◆ PROVIDED MATERIAL ◆
============================================================

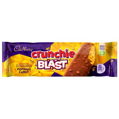 Cadbury’s Crunchie Blast Ice Cream Stick, Honeycomb flavour ice cream covered in milk chocolate with popping candy.
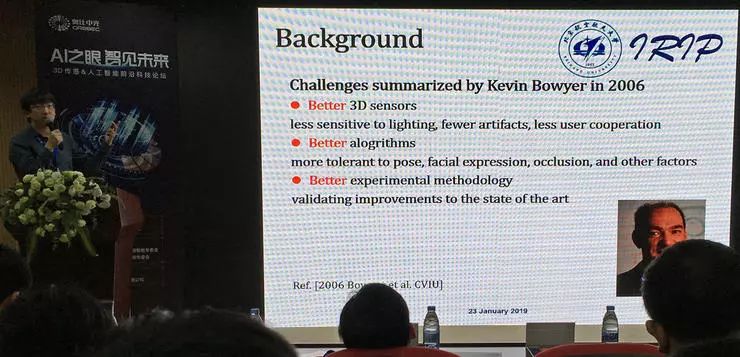 北京航空航天大学计算机学院院长聘副教授、博导黄迪的报告主题是「基于三维人脸数据的身份识别与表情分类」。报告从背景、三维人脸识别、三维表情识别、三维人脸分析的新挑战几个方面综述介绍了这个领域的主要研究和应用脉络。
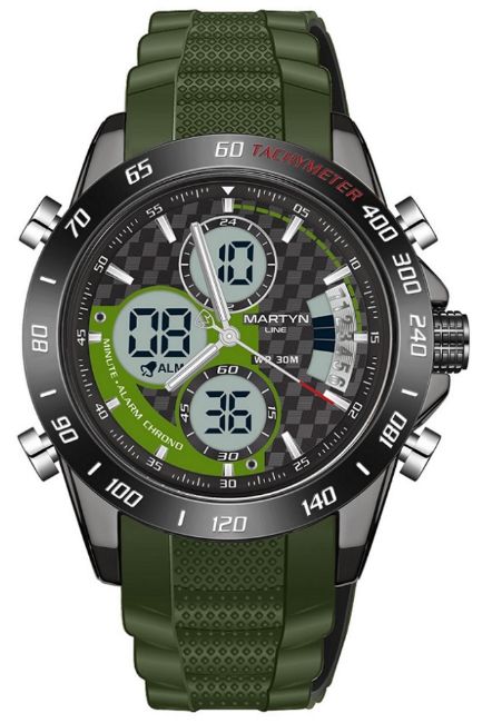 Martyn Line 3025 Green Multi-Function Rubber Watch (Stock image).
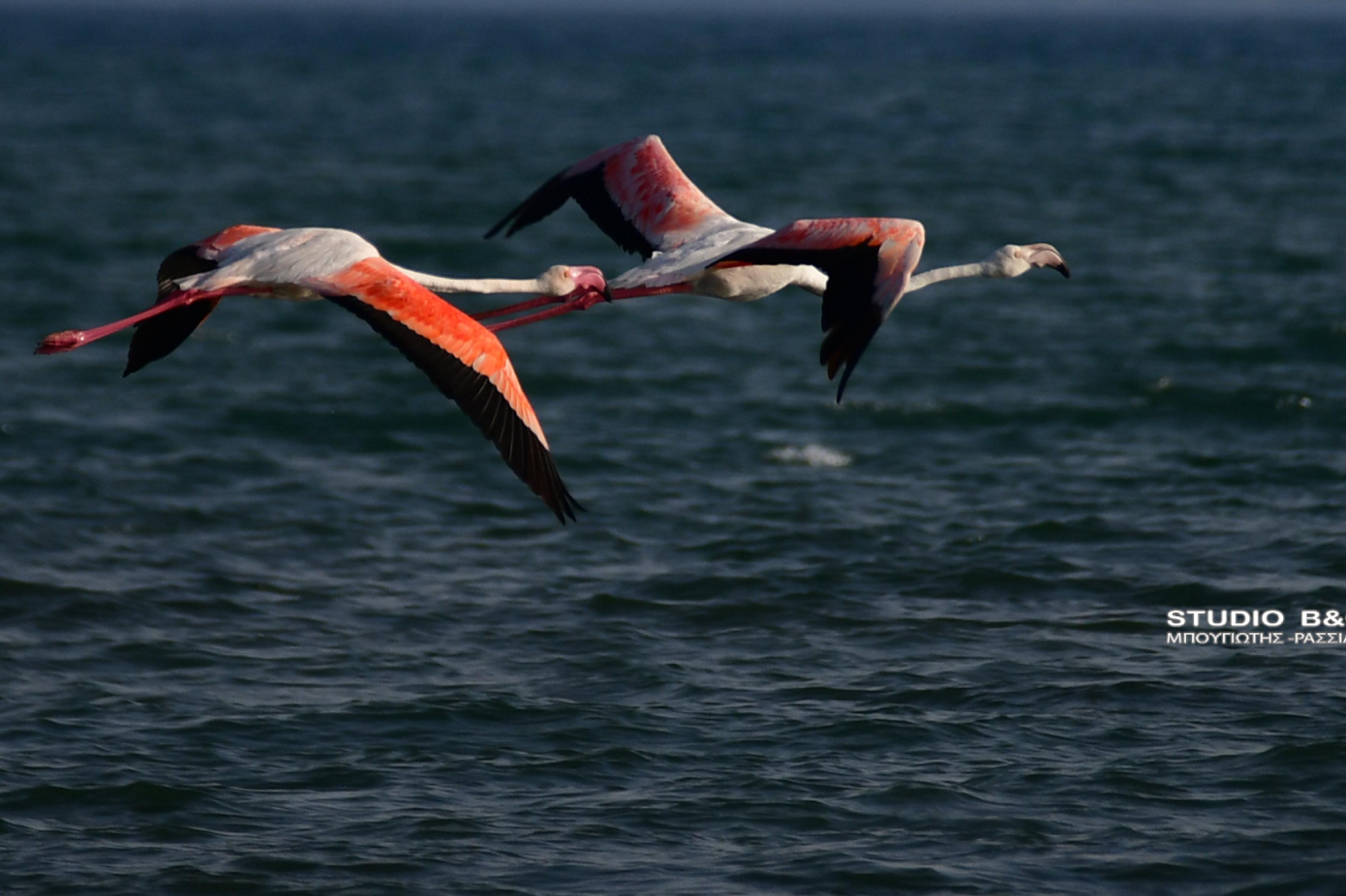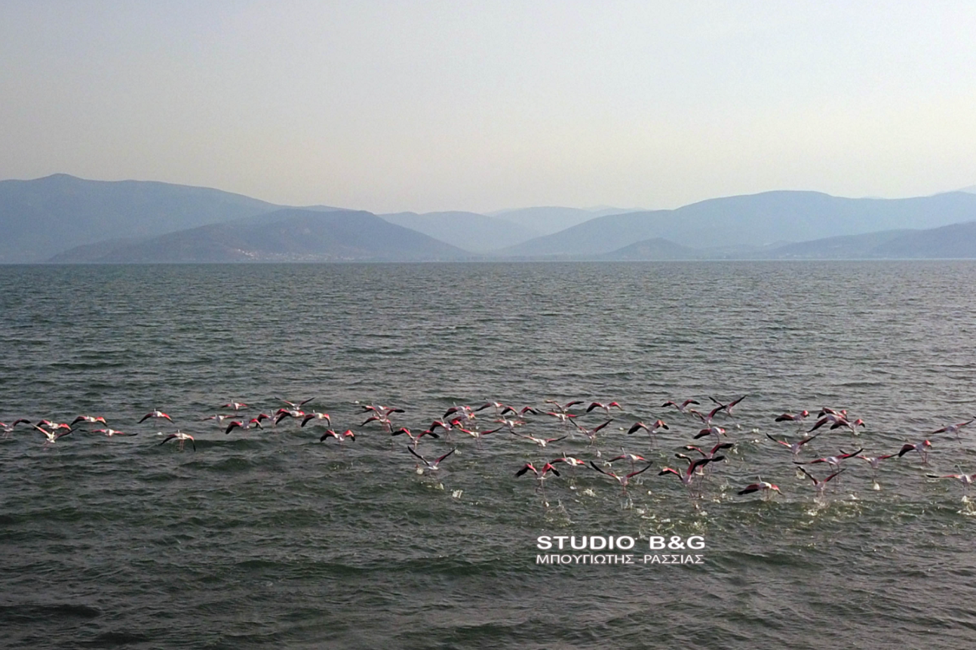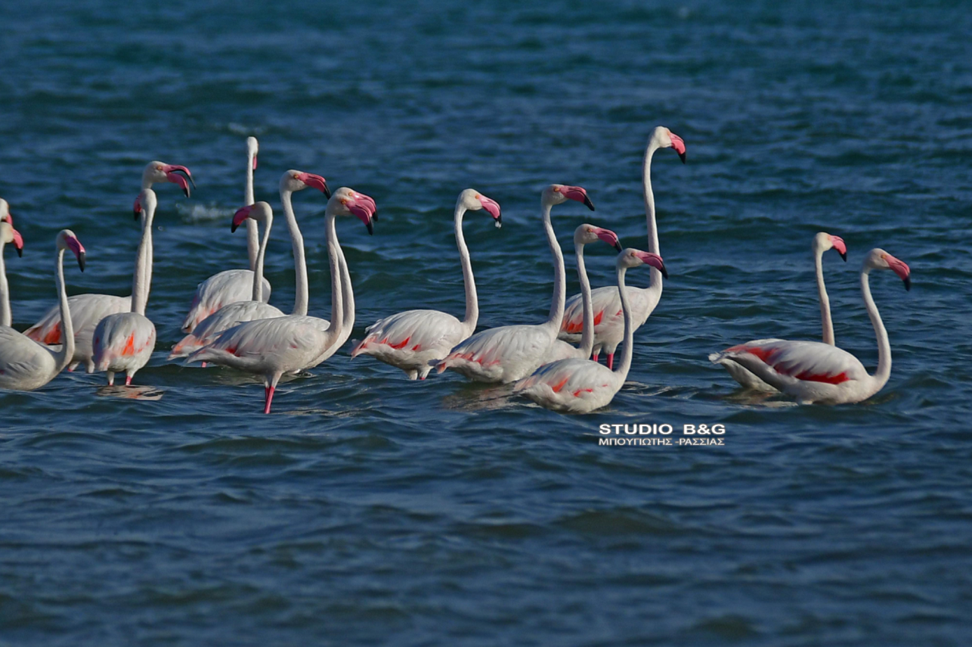 Δεκάδες ροζ φλαμίνγκο εμφανίστηκαν στο Ναύπλιο, προσφέροντας μια σπάνια μαγευτική εικόνα, δημιουργώντας ένα εξωτικό τοπίο απέναντι από το ιστορικό Παλαμήδι, το Μπούρτζι και τον Αργολικό Κόλπο.

============================================================

◆ WORK ITEM ◆
With the pictures set aside, write out the whole listing exactly.

◆ THE ANSWER ◆
 Cadbury’s Crunchie Blast Ice Cream Stick, Honeycomb flavour ice cream covered in milk chocolate with popping candy.
 北京航空航天大学计算机学院院长聘副教授、博导黄迪的报告主题是「基于三维人脸数据的身份识别与表情分类」。报告从背景、三维人脸识别、三维表情识别、三维人脸分析的新挑战几个方面综述介绍了这个领域的主要研究和应用脉络。
 Martyn Line 3025 Green Multi-Function Rubber Watch (Stock image).
 Δεκάδες ροζ φλαμίνγκο εμφανίστηκαν στο Ναύπλιο, προσφέροντας μια σπάνια μαγευτική εικόνα, δημιουργώντας ένα εξωτικό τοπίο απέναντι από το ιστορικό Παλαμήδι, το Μπούρτζι και τον Αργολικό Κόλπο.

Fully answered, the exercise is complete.